Center for Molecular and Vascular Biology, Katholieke Universiteit Leuven, Leuven, Belgium.
Thromb Res. 2011 Feb;127 Suppl 3:S17-20. doi: 10.1016/S0049-3848(11)70006-8.
Obesity is a common disorder, and related diseases such as diabetes, atherosclerosis, hypertension, cardiovascular disease and cancer are a major cause of mortality and morbidity in Westerntype societies. Development of obesity is associated with extensive modifications in adipose tissue involving adipogenesis, angiogenesis and extracellular matrix proteolysis. The fibrinolytic (plasminogen/plasmin) and matrix metalloproteinase (MMP) systems cooperate in these processes. Adipogenesis is tightly associated with angiogenesis, as shown by the findings that adipose tissue expiants trigger blood vessel formation, whereas in turn adipose tissue endothelial cells promote preadipocyte differentiation. A nutritionally induced obesity model in transgenic mice has been used extensively to study the role of the fibrinolytic and MMP systems and of angiogenesis in the development of obesity. Most studies support a role of these systems in adipogenesis and obesity, and suggest that their modulation may affect development of adipose tissue. Such models have also shown that treatment of obese female mice with estrogens has the potential to improve obesity, insulin resistance and glucose intolerance, via decreased expression of lipogenic genes. Thus, murine models of obesity have been very useful tools to study mechanisms of adipose tissue development, as well as effects of hormonal therapy.
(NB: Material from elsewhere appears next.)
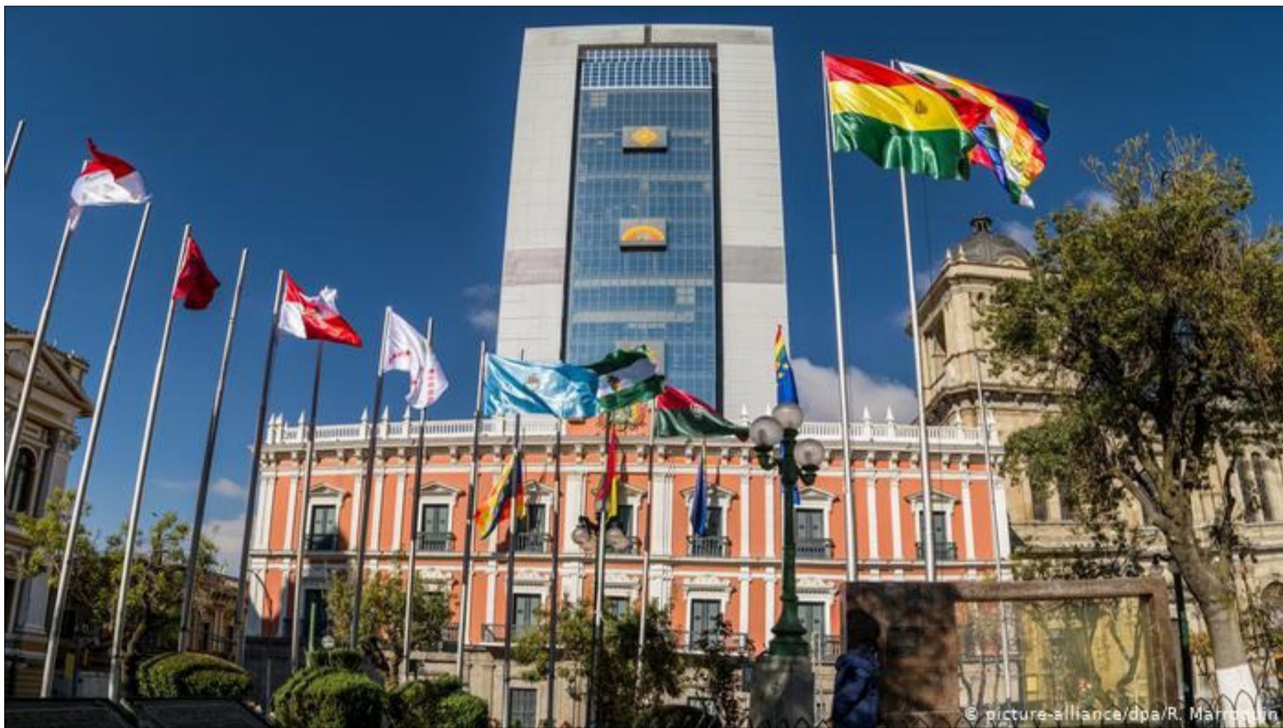
BOLIVIA SE PREPARA PARA TENER UN NUEVO GOBIERNO.

肥胖是一种常见的疾病,与之相关的疾病,如糖尿病、动脉粥样硬化、高血压、心血管疾病和癌症,是西方社会死亡率和发病率的主要原因。肥胖的发展与脂肪组织的广泛改变有关,包括脂肪生成、血管生成和细胞外基质蛋白水解。纤溶(纤溶酶原/纤溶酶)和基质金属蛋白酶(MMP)系统在这些过程中协同作用。脂肪生成与血管生成密切相关,这一点可以从以下发现中看出:脂肪组织外植体触发血管形成,而反过来脂肪组织内皮细胞促进前脂肪细胞分化。在转基因小鼠中,营养诱导的肥胖模型已被广泛用于研究纤溶和 MMP 系统以及血管生成在肥胖发展中的作用。大多数研究支持这些系统在脂肪生成和肥胖中的作用,并表明它们的调节可能会影响脂肪组织的发育。这些模型还表明,用雌激素治疗肥胖雌性小鼠可通过降低脂肪生成基因的表达,有改善肥胖、胰岛素抵抗和葡萄糖不耐受的潜力。因此,肥胖的啮齿动物模型是研究脂肪组织发育机制以及激素治疗效果的非常有用的工具。